The Castelii Pro Mesh base layer gives you quality and summer comfort. But its price it questionable and compared to a cheaper summer base layers which still functions as well as this base layer it begs to the question of what you are actually paying for.
With the hot weather, a lightweight sleeveless base layer like the Castelli Pro Mesh provides wicking without extra insulation to stop airflow through the fabric. It’s made of a very airy mesh, with the spots being almost transparent, so it adds little to heat build-up as you ride. It’s very soft too and with flatlocked seams you won’t find it uncomfortable – of even notice it’s there most of the time.

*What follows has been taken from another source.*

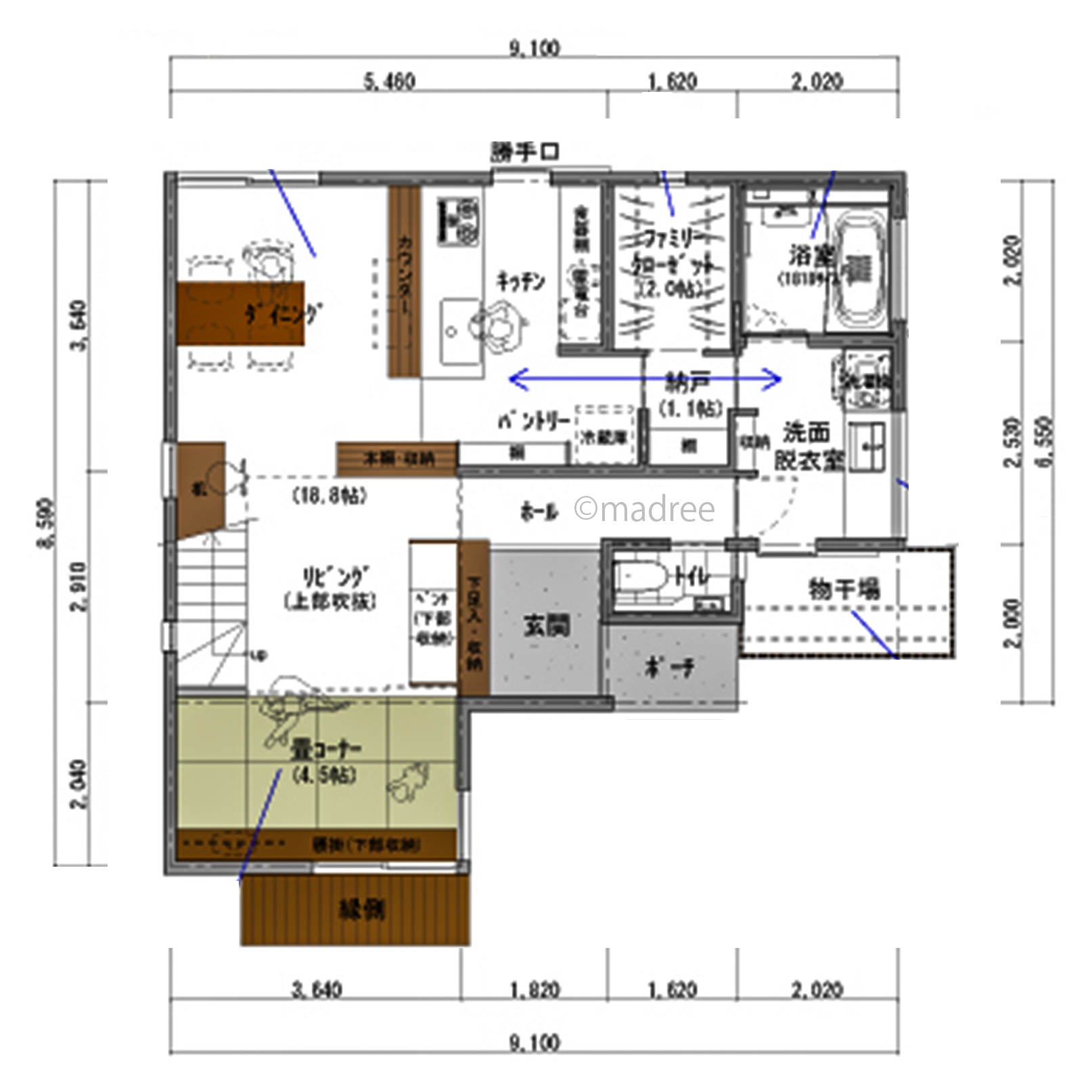 ・家事動線についても、キッチン→ファミリークローゼット→洗面室→物干場がつながるように計画しています。

As a change from the usual white, the Castelli Pro Mesh base layer comes in a range of four printed oblique dash patterns. The orange is particularly bright and redolent of warm rides – it cheered me up just getting it out of the drawer. As well as lime green and light blue, there’s a grey option so you can tone it down if you want to.
There’s plenty of stretch in the fabric, with 7% elastane and the rest polyester. So the Castelli Pro Mesh base layer is comfortable and close-fitting under a range of jerseys. There’s plenty of length too, with a dropped tail making sure that you’ve got good coverage when bent over the bars. Castelli makes the Castelii Pro Mesh base layer in sizes from XS up to XXL, so along with its stretch, there shouldn’t be a problem finding one which will fit.

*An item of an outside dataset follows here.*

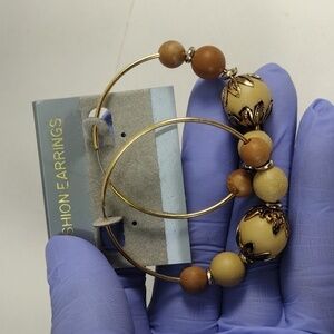 Boho Beaded Hoop Earrings – Natural Wood Look Beads, Gold-Tone Wire – Jewelry #4

Wicking is exceptionally good and the Castelli Pro Mesh base layer copes well with faster rides and hot climbs even on the most balmy of days. Since there are no sleeves, the bas leayer doesn’t tend to get whiffy, despite its synthetic fabric composition.
At 50 grams in size medium, the Castelli Pro Mesh base layer is one of the lightest weight base layers out there. But it is expensive and you could buy a couple of the excellent and equally lightweight Craft Cool Mesh base layers, which we’ve recently reviewed, for the same price.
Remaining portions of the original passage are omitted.